The hacker downstairs said his services were too expensive for a basic phone like this, I should just buy a new phone from Telstra. I did just that. The Muffet lost it almost immediately.
The second instalment came when another kind relative gave the Muffet a Galaxy that had become surplus to requirements. I don’t know what it is about the Muffet, I think it’s the blonde hair. And she’s very charming. I immediately opened up the phone and was relieved to find an Optus SIM nestled in it. All I needed now was a Telstra prepaid pack and we were communicado again. I went up to Woolies and asked for a prepaid SIM pack. “Nah, love, we only do recharges” said the friendly lady. “Would you care to turn around and give me that pack behind you that says “Telstra prepaid SIM card starter pack? No, not the nano SIM. Regular. It’s orange.” We got there in the end.
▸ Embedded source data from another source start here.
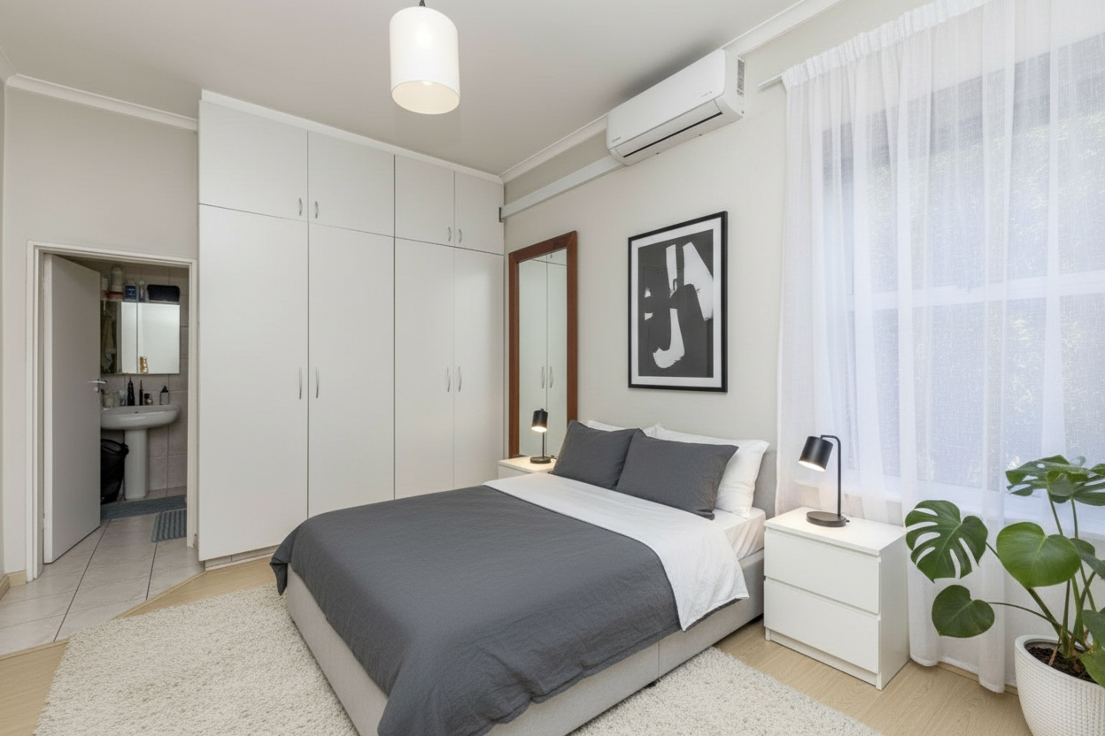 louvered privacy stall doors no glow from behind the doors please wallpaper in grey tones only wood to be slightly lighter add recessed pot lights to ceiling counter top to be dark grey solid quartz countertop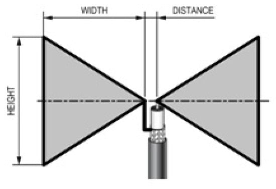 This antenna is always very handy in cases where there are wideband applications. It operates in a VHF range from 30 MHz to 300 MHz. The bandwidth of the antenna is usually greater than 10:1, and they are referred to as independent antenna. The features of this antenna, such as gain, input impedance, and radiation, changes periodically with respect to the logarithm of the frequency space. This is referred to as a log-periodic array [,]. Figure 9 demonstrates the structure of the log-periodic dipole array antenna.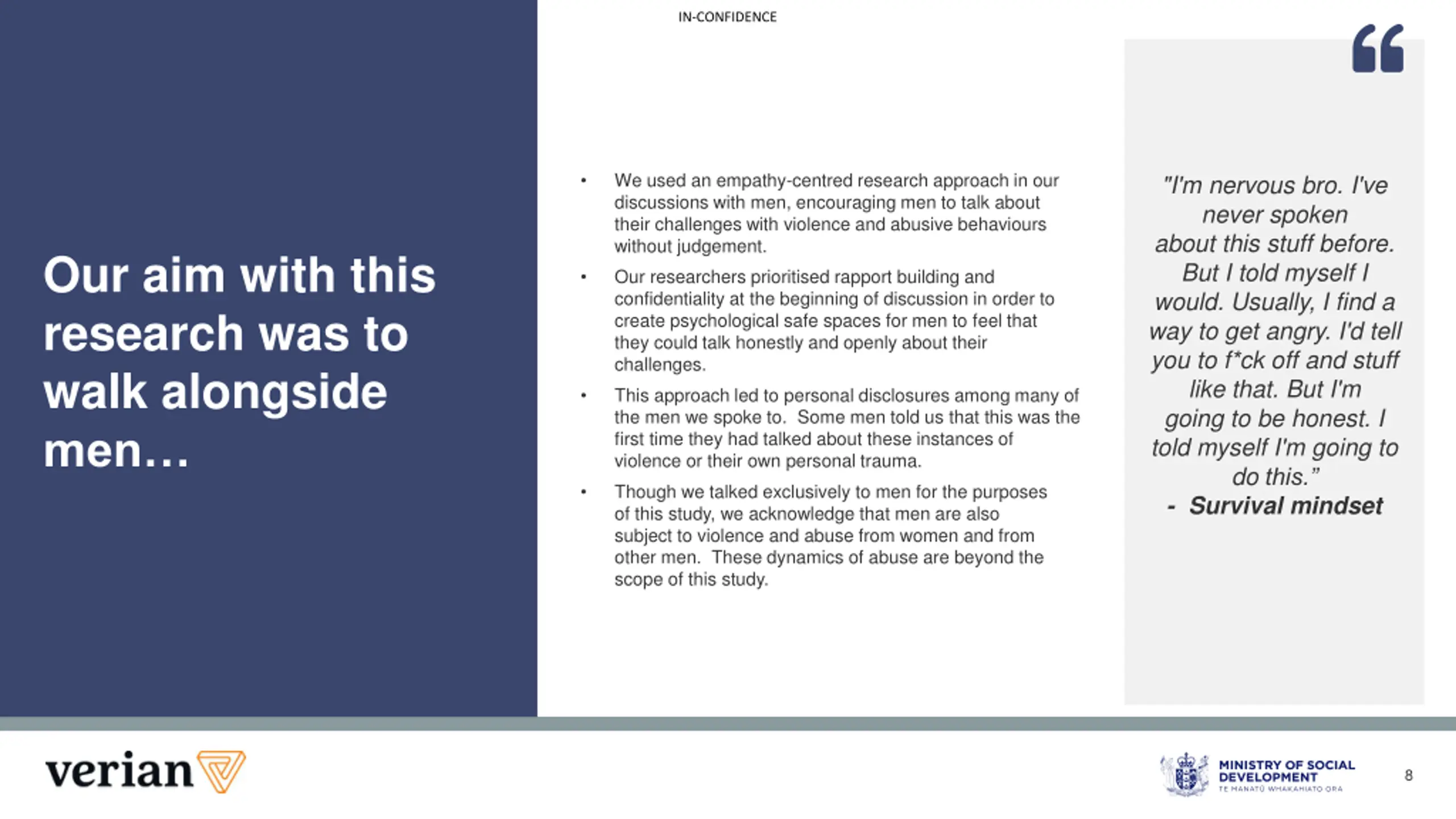 - IN-CONFIDENCE We used an empathy-centred research approach in our discussions with men, encouraging men to talk about their challenges with violence and abusive behaviours without judgement. "I'm nervous bro. I've never spoken about this stuff before. But I told myself I would. Usually, I find a way to get angry. I'd tell you to f*ck off and stuff like that. But I'm going to be honest. I told myself I'm going to do this. - Survival mindset Our aim with this research was to walk alongside men Our researchers prioritised rapport building and confidentiality at the beginning of discussion in order to create psychological safe spaces for men to feel that they could talk honestly and openly about their challenges. This approach led to personal disclosures among many of the men we spoke to. Some men told us that this was the first time they had talked about these instances of violence or their own personal trauma. Though we talked exclusively to men for the purposes of this study, we acknowledge that men are also subject to violence and abuse from women and from other men. These dynamics of abuse are beyond the scope of this study. 8

No, it didn’t work when I inserted it and followed the activation steps. Two phone calls to the help desk resulted in a lot of Indian accented humming and hawing and finally a suggestion that I take it into a Telstra shop. The Telstra shop also did some humming and hawing and finally asked “are you Alexis Henderson of Castle Cove?”. No, I’m not, and neither would I have lent Muffet’s phone to him if I had ever met him. Well, at least I got to deal with the actual manager, and he was kind enough to say he’d never come across this problem before. You know how he fixed it? Just redid the activation. “Ah”, I said. “The help desk effect”. “You’re familiar with it?” “Oh yes, I used to be a help desk”. “We’ll, I don’t know why it worked, but thanks for showing me a new problem”.
Anything I can do to help. I just love spreading sweetness and light.